In April of this year, my office released the strategic priorities that will guide the IPC’s work throughout my term as commissioner. We identified where we will focus our energies to advance the key access and privacy issues that are most important to the people of Ontario, including Privacy and Transparency in a Modern Government.
My office is engaging in a number of activities to advance this priority during Right to Know Week. I will be kicking off the week by participating in a commissioners’ panel at the Public Service Information Community Connection (PSICC) Right to Know Week conference on September 28 from 2:30 to 3:20 p.m. EDT. It’s free and open to the public, so I hope you can join us.
We’ll also be launching new guidance on how and when public institutions can apply the “public interest override” provision in Ontario’s access and privacy laws. This guidance describes how, and in what circumstances, organizations can override certain access exemptions and disclose a record when there is a compelling public interest to do so.
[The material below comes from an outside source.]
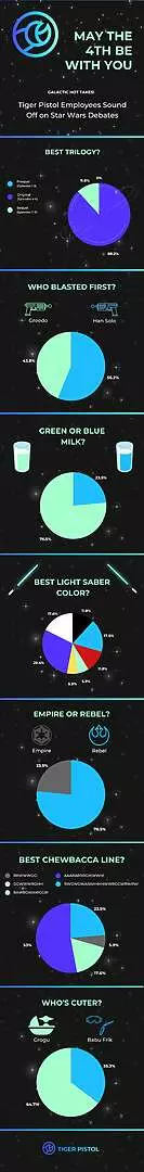 Check out our “May the 4th” infographic, a testament to our love for all things Star Wars. It is a fun peek into the diverse opinions of our Tiger Pistol stars. May the Force be with you as you dive in!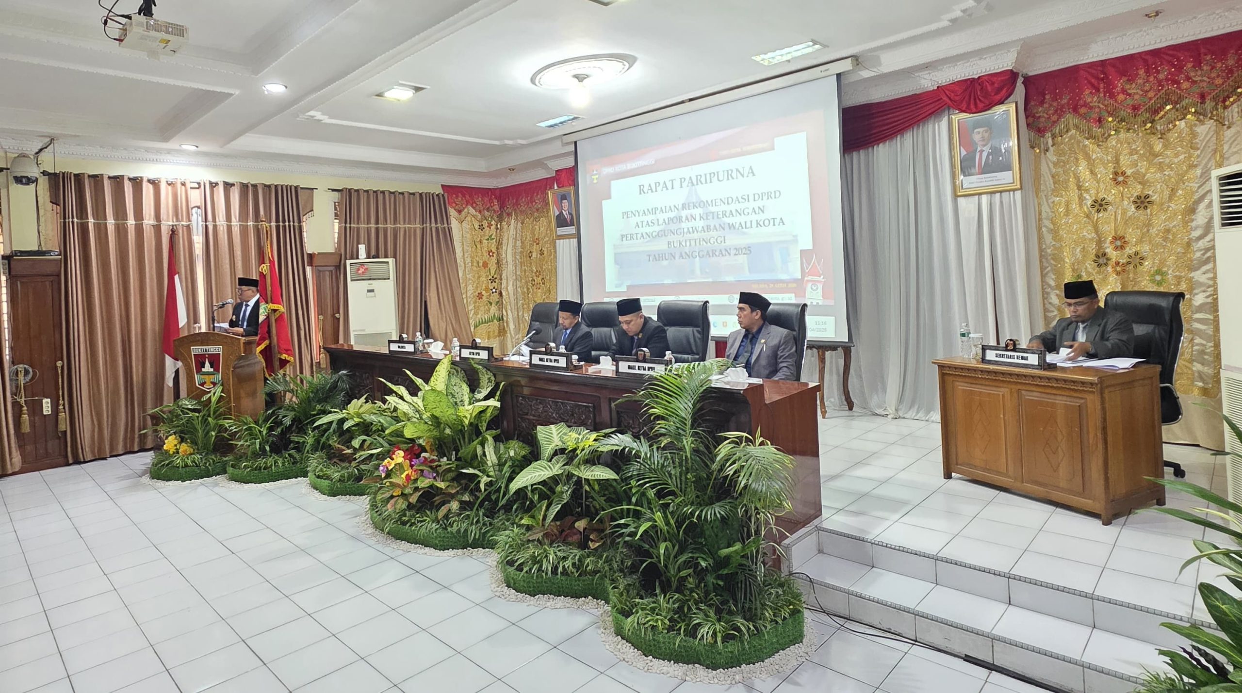 Bukittinggi,– Dewan Perwakilan Rakyat Daerah (DPRD) Kota Bukittinggi menyampaikan sejumlah rekomendasi hasil pembahasan terhadap Laporan Keterangan Pertanggungjawaban (LKPJ) Wali Kota Bukittinggi Tahun Anggaran 2025 dalam Rapat Paripurna yang berlangsung hari ini, Selasa (28/4/2026) di Aula Sidang Utama Gedung DPRD setempat. Kegiatan ini dihadiri oleh Wakil Wali Kota Bukittinggi yang mewakili Pemerintah Kota, pimpinan dan anggota DPRD, serta perwakilan perangkat daerah terkait.

For podcast fans, this week we’ll be launching a new episode of Info Matters. In this fascinating conversation, journalist Jim Bronskill and I discuss the various ways freedom of information (FOI) has helped investigative journalists like him break some of the biggest front-page stories in Canada, shedding light on really important information Canadians need to know.
In case you missed it, our episode on de-mystifying the FOI process is another good listen if you’d like to hear about the nuts and bolts of filing access to information requests and get tips on how to get the information you need.
You can learn more about the history of Right to Know Week by visiting righttoknow.ca. You can also follow the #RTK2021 hashtag on Twitter to find out about virtual events and other activities happening across the country.
I hope you’ll join us and your fellow Canadians to mark the importance of access rights and freedom of information that go to the very core of our free and democratic society.
You have a right to know, so don’t be afraid to ask! Government institutions have a legal obligation to respond to you. We are hopeful that soon, with new digital technology, a little ingenuity, and courageous leadership, more and more information will be publicly released without you even having to ask.